Chapter 1: From BFT to PoW
Last updated
Last updated
We start our story at the "birthplace" of distributed consensus theory, the 1980 seminal paper Reaching Agreement in the Presence of Faults by Pease, Shostak and Lamport (PSL).
In this paper, PSL introduce the Byzantine generals problem (BGT), which was the first to formulate many identical participants trying to reach an egalitarian decision without any central authority.
Even without describing what this means exactly, it is quite clear that if it is guaranteed that all participants follow the protocol, then the problem becomes trivial: each participant tells all other participants their opinion, and the most favorable possibility wins. The problem starts when we consider participants that deviate from the protocol. For example, in the simple majority voting scenario a single deviator can cause the entire consensus to collapse!

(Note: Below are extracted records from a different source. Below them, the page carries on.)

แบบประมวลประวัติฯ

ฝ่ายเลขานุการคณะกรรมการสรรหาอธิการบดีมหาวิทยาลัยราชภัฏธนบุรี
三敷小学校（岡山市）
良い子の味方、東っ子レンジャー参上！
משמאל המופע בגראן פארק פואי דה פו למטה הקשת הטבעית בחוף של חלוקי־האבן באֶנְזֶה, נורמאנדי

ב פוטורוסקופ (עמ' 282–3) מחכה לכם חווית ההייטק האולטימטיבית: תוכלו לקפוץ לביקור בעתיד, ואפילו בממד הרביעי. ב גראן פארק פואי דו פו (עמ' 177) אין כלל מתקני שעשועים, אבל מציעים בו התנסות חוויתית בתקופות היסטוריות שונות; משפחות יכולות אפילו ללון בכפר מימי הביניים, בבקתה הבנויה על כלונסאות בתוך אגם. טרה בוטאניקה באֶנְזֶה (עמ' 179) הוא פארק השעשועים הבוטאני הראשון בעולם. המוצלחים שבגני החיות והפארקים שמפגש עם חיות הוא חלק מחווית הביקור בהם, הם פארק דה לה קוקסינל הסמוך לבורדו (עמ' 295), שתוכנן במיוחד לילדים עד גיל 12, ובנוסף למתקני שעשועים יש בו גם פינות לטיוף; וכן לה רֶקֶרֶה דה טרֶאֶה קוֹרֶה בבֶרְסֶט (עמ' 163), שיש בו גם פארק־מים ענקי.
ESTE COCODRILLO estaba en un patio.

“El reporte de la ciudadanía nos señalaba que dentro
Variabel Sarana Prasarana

Hence, the real question is how many faulty players can a protocol endure while guaranteeing a consensus will be reached. The property of being able to handle the presence of faulty players has since been named Byzantine fault tolerance (BFT), in honor of the original problem.

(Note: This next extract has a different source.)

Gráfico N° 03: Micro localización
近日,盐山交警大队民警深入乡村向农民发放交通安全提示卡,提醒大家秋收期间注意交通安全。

Lamport et al. provided a protocol that can survive $f$ faulty nodes, given that there are $3f+1$ nodes in total (they also showed this could be slightly improved to $3f$ nodes assuming the existence of digital signatures). Equally importantly, they proved a theorem establishing that no BFT protocol could handle any more faults. This is known to this day as the $3f+1$ theorem, or simply as the one-third byzantine security limit.
Imagine everyone's surprise then, when in 2009 the psudonymous Satoshi Nakamoto published the Bitcoin Whitepaper, exhibiting a brand new form of consensus that maintains impressive security properties as long as at least half of the nodes are following the protocol. What is going on here? Did Satoshi prove PSL wrong? Is the theorem false?
Not at all. There are two factors that allowed Satoshi to break the one-third consensus barrier. First, he assumed that we can use cryptography to prove the passage of time, and showed how proof-of-work can implement such a capability. Second, he relaxed the security requirements: instead of requiring that there is a fixed number of rounds after which a transaction will certainly never revert, he "compromised" for "just" having the probability of revert decrease very very fast as rounds (which can now be converted to time, thanks to the first assumption) pass.
In this first chapter, we do not yet consider proof-of-work based protocols. We do consider proof-of-work itself as a form of sybilness, and discuss what it achieves that BFT protocols arguably cannot.